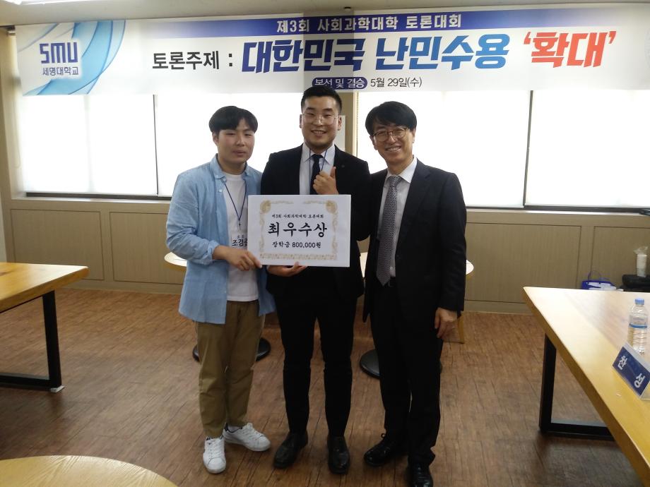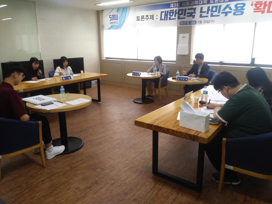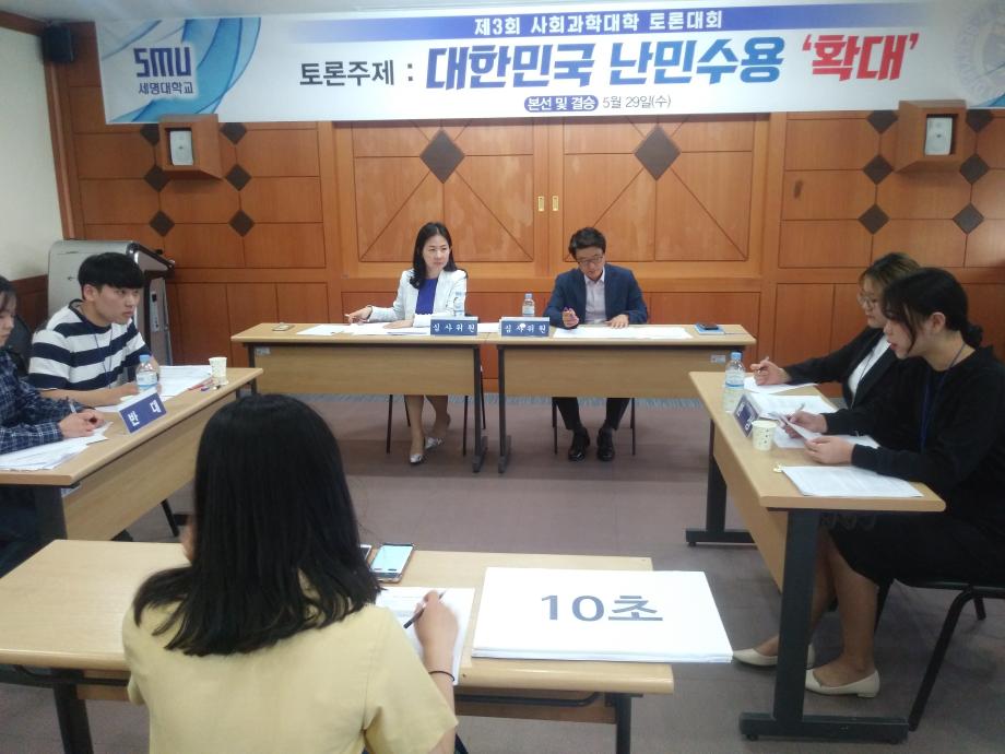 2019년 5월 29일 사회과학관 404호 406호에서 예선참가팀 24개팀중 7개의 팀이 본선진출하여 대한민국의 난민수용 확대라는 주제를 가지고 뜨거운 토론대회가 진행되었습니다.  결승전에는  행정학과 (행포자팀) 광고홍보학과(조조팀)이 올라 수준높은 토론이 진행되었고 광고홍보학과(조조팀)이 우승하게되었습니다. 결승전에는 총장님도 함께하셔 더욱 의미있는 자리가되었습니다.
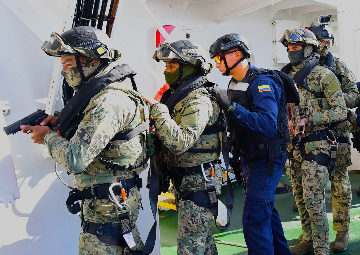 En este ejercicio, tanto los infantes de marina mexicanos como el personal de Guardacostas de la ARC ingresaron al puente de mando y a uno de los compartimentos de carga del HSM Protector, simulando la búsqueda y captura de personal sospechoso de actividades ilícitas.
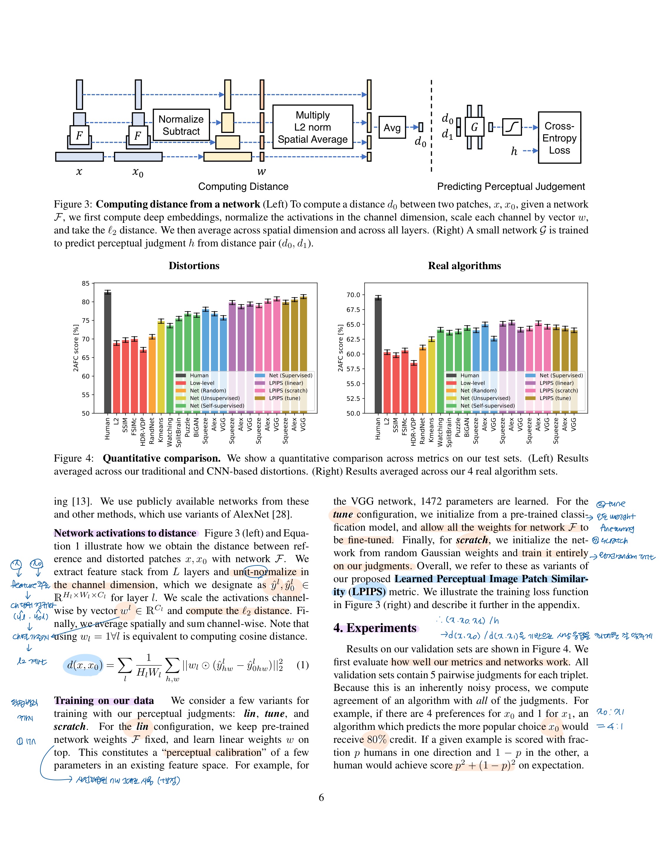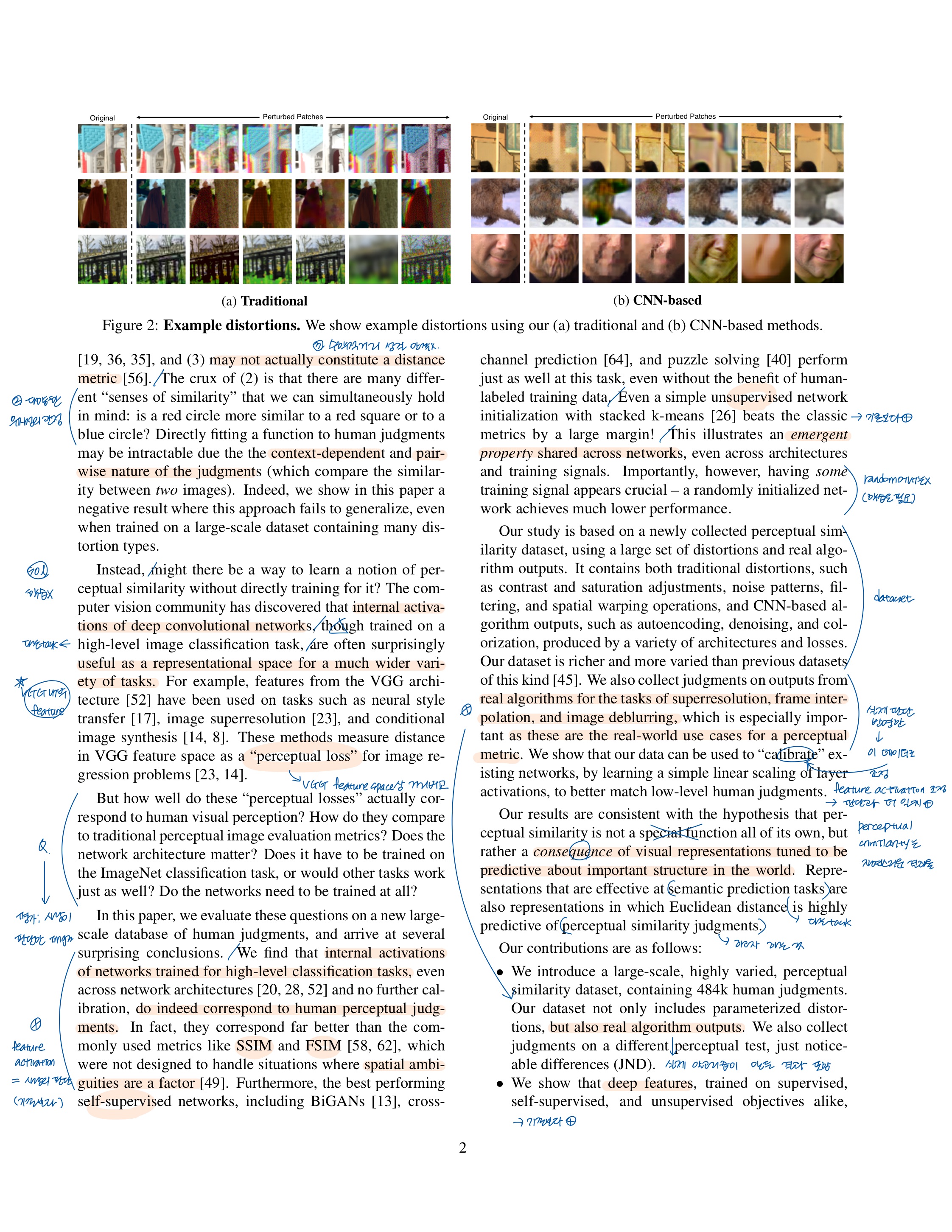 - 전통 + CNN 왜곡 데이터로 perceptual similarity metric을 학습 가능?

Brief ▸ Copy each line above exactly, with no images.

Completed exercise ▸
 2019년 5월 29일 사회과학관 404호 406호에서 예선참가팀 24개팀중 7개의 팀이 본선진출하여 대한민국의 난민수용 확대라는 주제를 가지고 뜨거운 토론대회가 진행되었습니다.  결승전에는  행정학과 (행포자팀) 광고홍보학과(조조팀)이 올라 수준높은 토론이 진행되었고 광고홍보학과(조조팀)이 우승하게되었습니다. 결승전에는 총장님도 함께하셔 더욱 의미있는 자리가되었습니다.
 En este ejercicio, tanto los infantes de marina mexicanos como el personal de Guardacostas de la ARC ingresaron al puente de mando y a uno de los compartimentos de carga del HSM Protector, simulando la búsqueda y captura de personal sospechoso de actividades ilícitas.
 - 전통 + CNN 왜곡 데이터로 perceptual similarity metric을 학습 가능?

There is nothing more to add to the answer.